Anderson’s final film of the night is John Ford’s beloved 1956 Western The Searchers, starring John Wayne as Ethan, a flawed and unapologetic Civil War vet who goes on a multi-year obsessive search for his niece (Natalie Wood), who was kidnapped by Native Americans. George Lucas, Scorsese and Spielberg have discussed extensively how The Searchers inspired their work. Even Jean-Luc Godard weighed in on the film. Screenslate.com recalled the New Wave filmmaker’s 1959 essay for Cahiers du Cinéma, where he compared the ending of The Searchers as “Ulysses being reunited with Telemachus.” Four years later, he chose it as the fourth greatest American sound film after 1932’s Scarface, 1940’s The Great Dictator and 1958’s Vertigo.

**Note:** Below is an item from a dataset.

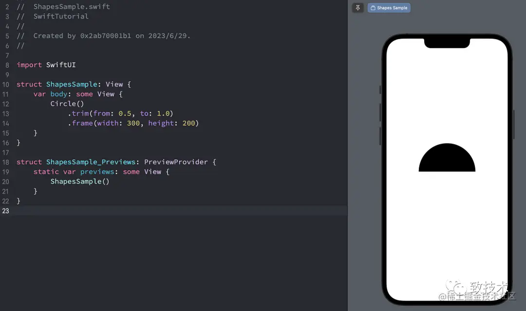 struct ShapesSample: View { var body: some View { Circle() .trim(from: 0.5, to: 1.0) .frame(width: 300, height: 200) }}

At least from the trailers for One Battle After Another, DiCaprio’s Bob Ferguson has more than a bit in common with Ethan as both are on an all-consuming search for a kidnapped loved one.
The Searchers is also known for its extraordinary use of the large-screen format VistaVision introduced by Paramount in 1954, which provides higher resolution photography and an image that is 2x the size of a regular 35mm film. Clearly, Anderson was inspired as One Battle After Another was shot in the 71-year-old format.